:: Records for processing ::
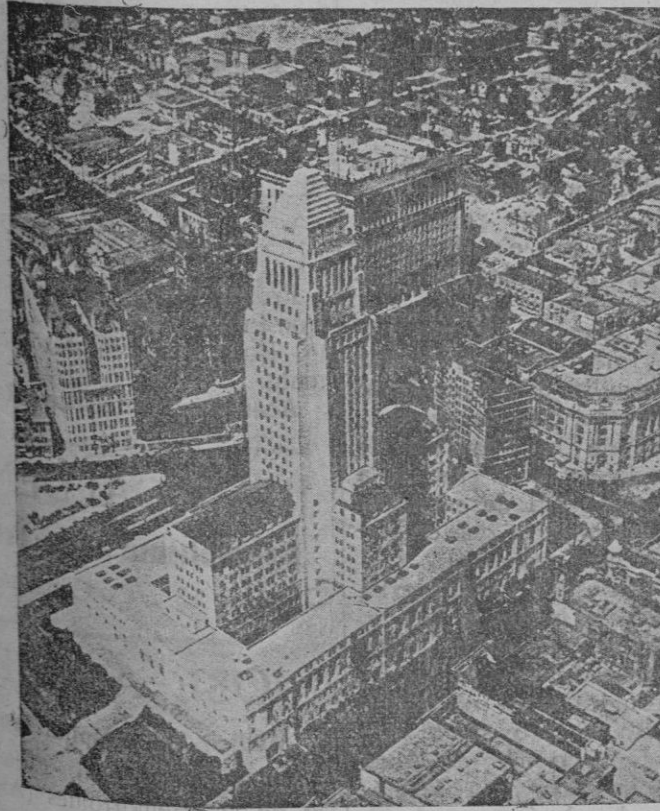
La ciudad de Los Angeles una de las más afectadas por el terremoto que ha azotado las tierras de California

No es hora de destruir, sino de construir activa y urgentemente. Y la esencia misma del fascismo es construir. Harold E. Goad (cuyo importantísimo libro "El Estado corporativo" acaba de traducir al castellano el marqués de la Eliseda, a quien por ello habremos de deber gratitud), lo define así: "Empleando una palabra biológica podríamos decir que es (el fascismo) el más anabólico de los credos políticos. Conserva todo material aprovechable por pequeño que sea, lo absorbe, lo asimila y con él construye, después de desechar tan solo todo lo débil, enfermo o capaz de traicionar su consis-
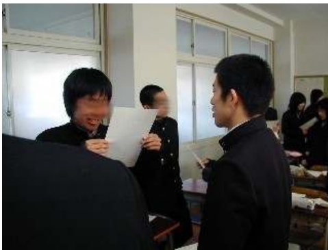
ペア・リピーティングの様子
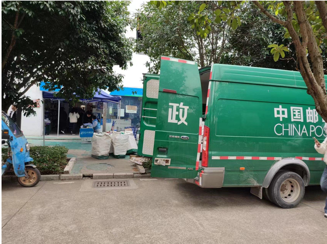
中国邮政服务点从西门搬迁至3栋楼下19号门面
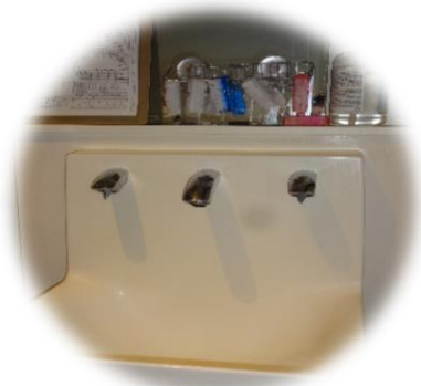
手は念入りに洗います

①感染媒体となる害虫駆除、②職員の健康管理、清潔管理、③清潔区画の保持、調理器具、機械の保守管理及び衛生管理、④食品保管における衛生管理などが行われています。
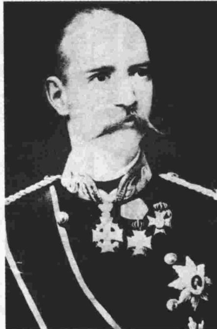
Από τον Νοέμβριο 1863, που ανέλαβε Βασιλεύς ο Γεώργιος Α', μέχρι τον Φεβρουάριο 1874 σχηματίστηκαν 21 κυβερνήσεις και έγιναν πέντε εκλογές!

Την 1η Νοεμβρίου 1920 ο Ελ. Βενιζέλος προκηρύσσει εκλογές ενώ το Έθνος μάχεται με την ψυχή στο στόμα στην Μικρά Ασία. Τις κερδίζουν οι Λαϊκοί με ένα συνασπισμό μικρών
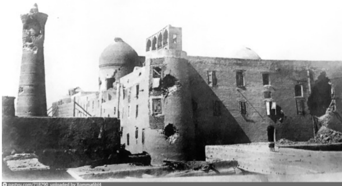
Бухара, после взятия её войсками М.В.Фрунзе.

Мы сознательно вынуждены пропустить огромный пласт истории, включающий в себя отдельные значимые периоды (начиная от завоеваний Александра Македонского и его свадьбы на дочери местного вельможи Равшанак /Роксаны/, до принудительного насаждения Ислама /8 век н.э./ и нашествия кровавых орд Чингис-хана /13 век/, а также, последующих вслед за этим нескольких правящих династий) с тем, чтобы подойти поближе к современной картине, сложившейся в ходе новейшей истории за последние 100 лет.
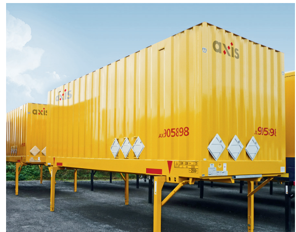
Wechselkoffer haben ein- und ausklappbare Stützbeine.

Die Branche der Paketdienste (KEP-Branche) legt seit Jahren beeindruckende Wachstumswahlen vor. Die Sendevolumina von DHL, DPD, Hermes, UPS und anderen wuchsen von 2015 auf 2016 um 7,2 Prozent. Täglich werden in Deutschland im Durchschnitt mehr als acht Millionen Pakete ausgeliefert, in der Weihnachtszeit sind es über elf Millionen. Die Transportbehälter, unter anderem die Wechselkoffer, nehmen eine wichtige Stellung in der Logistikkette ein: Sie dienen als Schutz, als Behältnis, aber auch als
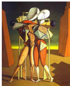
G. DE CHIRICO, Ettore e Andromaca , 1917
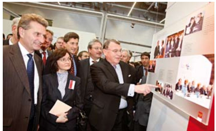
Günther Oettinger, Elvira Nabiullina, Klaus Mangold beim Messerungsgang

»Die Deutschen wissen wenig über Sibirien« – konstatierte der Botschafter der Russischen Föderation in Deutschland,
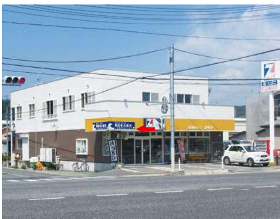
サイズ：600 × 2300mm 県届出高：2.1m
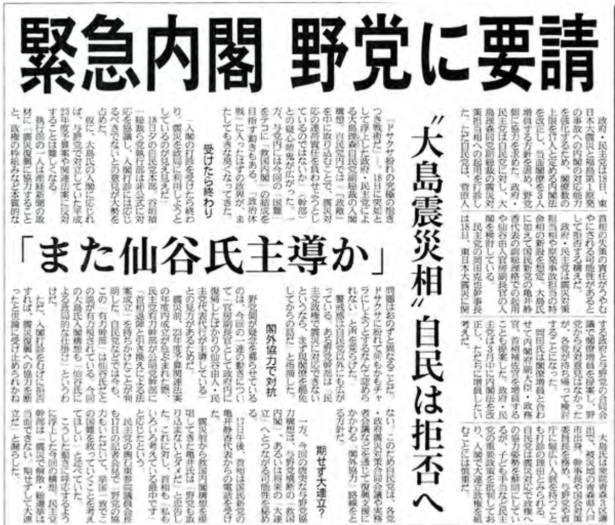
産経新聞3月19日4面の記事スキャン画像(クリックでネット記事)

・転載です。http://applebum.free-fee.com/blog/?p=19873
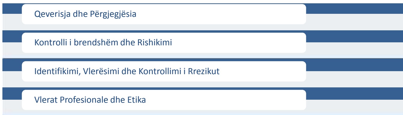
Diagrami.2.: Temat që do të trajtohen në Modulin Kontabilisti Profesional

Temat kryesore të Modulit Kontabilisti Profesional që do të trajtohen gjatë ligjerates:
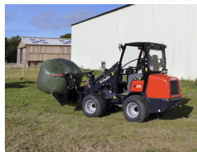
Kubota RT270-2 med foldbar rops - 2.800 kg. Læs mere HER
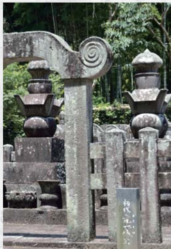
星巖寺 小城鍋島家御霊屋
:::
> Try it
Give the records back exactly. Leave the pictures out.

> Answer for this exercise
La ciudad de Los Angeles una de las más afectadas por el terremoto que ha azotado las tierras de California

No es hora de destruir, sino de construir activa y urgentemente. Y la esencia misma del fascismo es construir. Harold E. Goad (cuyo importantísimo libro "El Estado corporativo" acaba de traducir al castellano el marqués de la Eliseda, a quien por ello habremos de deber gratitud), lo define así: "Empleando una palabra biológica podríamos decir que es (el fascismo) el más anabólico de los credos políticos. Conserva todo material aprovechable por pequeño que sea, lo absorbe, lo asimila y con él construye, después de desechar tan solo todo lo débil, enfermo o capaz de traicionar su consis-
ペア・リピーティングの様子
中国邮政服务点从西门搬迁至3栋楼下19号门面
手は念入りに洗います

①感染媒体となる害虫駆除、②職員の健康管理、清潔管理、③清潔区画の保持、調理器具、機械の保守管理及び衛生管理、④食品保管における衛生管理などが行われています。
Από τον Νοέμβριο 1863, που ανέλαβε Βασιλεύς ο Γεώργιος Α', μέχρι τον Φεβρουάριο 1874 σχηματίστηκαν 21 κυβερνήσεις και έγιναν πέντε εκλογές!

Την 1η Νοεμβρίου 1920 ο Ελ. Βενιζέλος προκηρύσσει εκλογές ενώ το Έθνος μάχεται με την ψυχή στο στόμα στην Μικρά Ασία. Τις κερδίζουν οι Λαϊκοί με ένα συνασπισμό μικρών
Бухара, после взятия её войсками М.В.Фрунзе.

Мы сознательно вынуждены пропустить огромный пласт истории, включающий в себя отдельные значимые периоды (начиная от завоеваний Александра Македонского и его свадьбы на дочери местного вельможи Равшанак /Роксаны/, до принудительного насаждения Ислама /8 век н.э./ и нашествия кровавых орд Чингис-хана /13 век/, а также, последующих вслед за этим нескольких правящих династий) с тем, чтобы подойти поближе к современной картине, сложившейся в ходе новейшей истории за последние 100 лет.
Wechselkoffer haben ein- und ausklappbare Stützbeine.

Die Branche der Paketdienste (KEP-Branche) legt seit Jahren beeindruckende Wachstumswahlen vor. Die Sendevolumina von DHL, DPD, Hermes, UPS und anderen wuchsen von 2015 auf 2016 um 7,2 Prozent. Täglich werden in Deutschland im Durchschnitt mehr als acht Millionen Pakete ausgeliefert, in der Weihnachtszeit sind es über elf Millionen. Die Transportbehälter, unter anderem die Wechselkoffer, nehmen eine wichtige Stellung in der Logistikkette ein: Sie dienen als Schutz, als Behältnis, aber auch als
G. DE CHIRICO, Ettore e Andromaca , 1917
Günther Oettinger, Elvira Nabiullina, Klaus Mangold beim Messerungsgang

»Die Deutschen wissen wenig über Sibirien« – konstatierte der Botschafter der Russischen Föderation in Deutschland,
サイズ：600 × 2300mm 県届出高：2.1m
産経新聞3月19日4面の記事スキャン画像(クリックでネット記事)

・転載です。http://applebum.free-fee.com/blog/?p=19873
Diagrami.2.: Temat që do të trajtohen në Modulin Kontabilisti Profesional

Temat kryesore të Modulit Kontabilisti Profesional që do të trajtohen gjatë ligjerates:
Kubota RT270-2 med foldbar rops - 2.800 kg. Læs mere HER
星巖寺 小城鍋島家御霊屋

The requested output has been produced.